Pictures must be left out. Print the lines from the beginning of the material through the line holding "5. בחירת דף הנחיתה המשמש כדף תודה", exactly and nothing else.

* * *

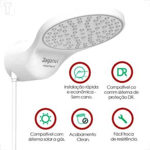 Ducha Moment Eletronica 7500w X 220v - Zagonel Com design moderno e linhas que remetem a identidade da Zagonel, a ducha Moment possui temperatura progressiva e jato com grande vazão de água, foi pensada para proporcionar uma experiência de banho relaxante e revigorante para todos os momentos do seu dia. 220v - 7500W ** Preço do produto em PC **
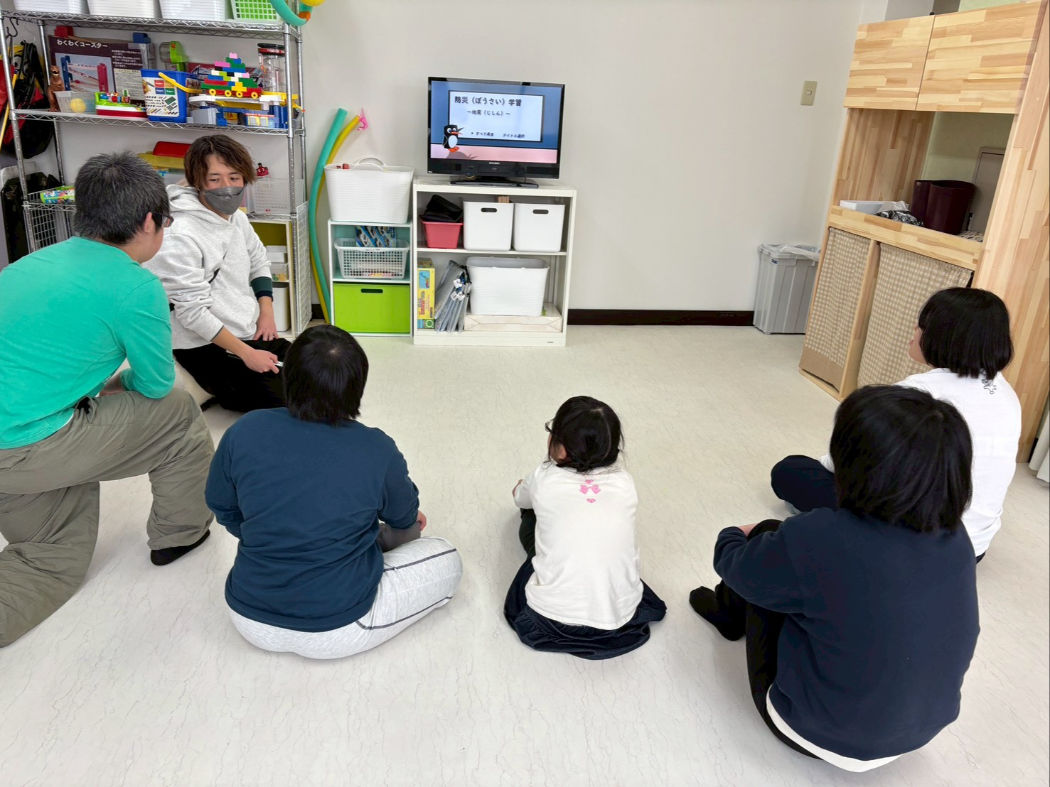 はじめに、ご利用者様と一緒に防災の動画を観て災害時の動きや心構えを学びました。
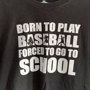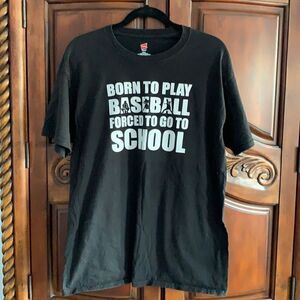 Black t- shirt with screen print “Born to play baseball Forced to go to school” Men’s large EUC
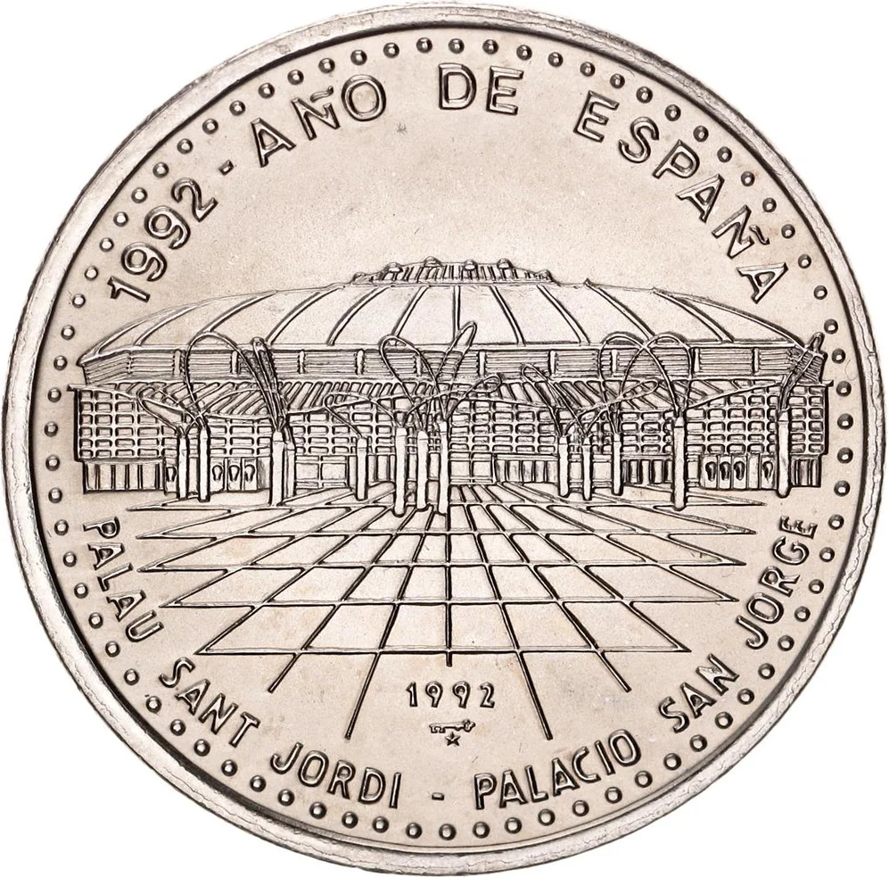 Image of Barcelona's Palau Sant Jordi. Series name curves along the top; location is below in Catalan and Spanish, with date and mintmark above.
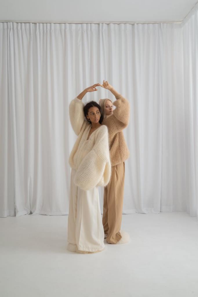 Te delikatne cuda powstają wykonywane na drutach z ultra miękkich włóczek z owczej wełny lub mieszanki alpaki, moheru i jedwabiu. Tylko nieliczne modele gotowe są do kupienia od ręki – zazwyczaj produkcja rozpoczyna się dopiero po złożeniu zamówienia. To prawdziwe rzemiosło, kunszt i tradycja połączone ze współczesnymi wartościami: estetycznym designem i zrównoważoną modą, w której liczy się przede wszystkim jakość i trwałość.
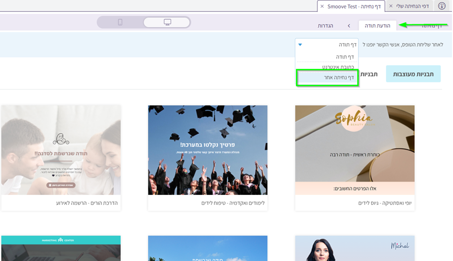 5. בחירת דף הנחיתה המשמש כדף תודה
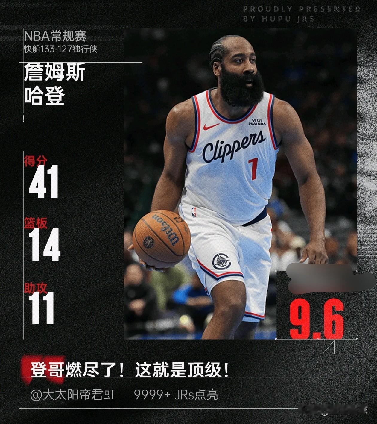 燃爆全场!36岁哈登51分钟血拼创历史,成NBA最老40+三双得主 当36岁81天的哈登在场上鏖战51分钟,每一次突破、每一次传球都带着“燃尽自己”的决绝,这场比赛注定被载入史册!面对独行侠,哈登用25中13的高效表现,轰下41分14篮板11助攻1抢断2盖帽的超级三双,带领快船终结六连败。 这不仅是一场胜利,更是一次纪录的颠覆——他超越拉里·伯德,成为NBA历史上最年长的40+三双获得者 !51分钟的出场时间,在节奏飞快的现代NBA堪称“铁人壮举”,而14篮板创下其赛季新高,2盖帽更是展现了他攻防两端的全面爆发。 时隔4年半,哈登再次解锁40+三双成就,三分线外12中6的精准投射、罚球线11中9的稳定输出,印证着老将的油箱依旧满格 。从串联全队的11次助攻,到拼抢篮板的不依不饶,他用行动诠释了“核心”二字的重量。 没有年轻球员的冲劲,却有岁月沉淀的智慧与坚守。36岁的哈登用一场极致表现告诉世界:传奇从不因年龄褪色,拼搏就是最好的勋章! 哈登 快船

* * *

RESPONSE TO THE TASK:
 Ducha Moment Eletronica 7500w X 220v - Zagonel Com design moderno e linhas que remetem a identidade da Zagonel, a ducha Moment possui temperatura progressiva e jato com grande vazão de água, foi pensada para proporcionar uma experiência de banho relaxante e revigorante para todos os momentos do seu dia. 220v - 7500W ** Preço do produto em PC **
 はじめに、ご利用者様と一緒に防災の動画を観て災害時の動きや心構えを学びました。
 Black t- shirt with screen print “Born to play baseball Forced to go to school” Men’s large EUC
 Image of Barcelona's Palau Sant Jordi. Series name curves along the top; location is below in Catalan and Spanish, with date and mintmark above.
 Te delikatne cuda powstają wykonywane na drutach z ultra miękkich włóczek z owczej wełny lub mieszanki alpaki, moheru i jedwabiu. Tylko nieliczne modele gotowe są do kupienia od ręki – zazwyczaj produkcja rozpoczyna się dopiero po złożeniu zamówienia. To prawdziwe rzemiosło, kunszt i tradycja połączone ze współczesnymi wartościami: estetycznym designem i zrównoważoną modą, w której liczy się przede wszystkim jakość i trwałość.
 5. בחירת דף הנחיתה המשמש כדף תודה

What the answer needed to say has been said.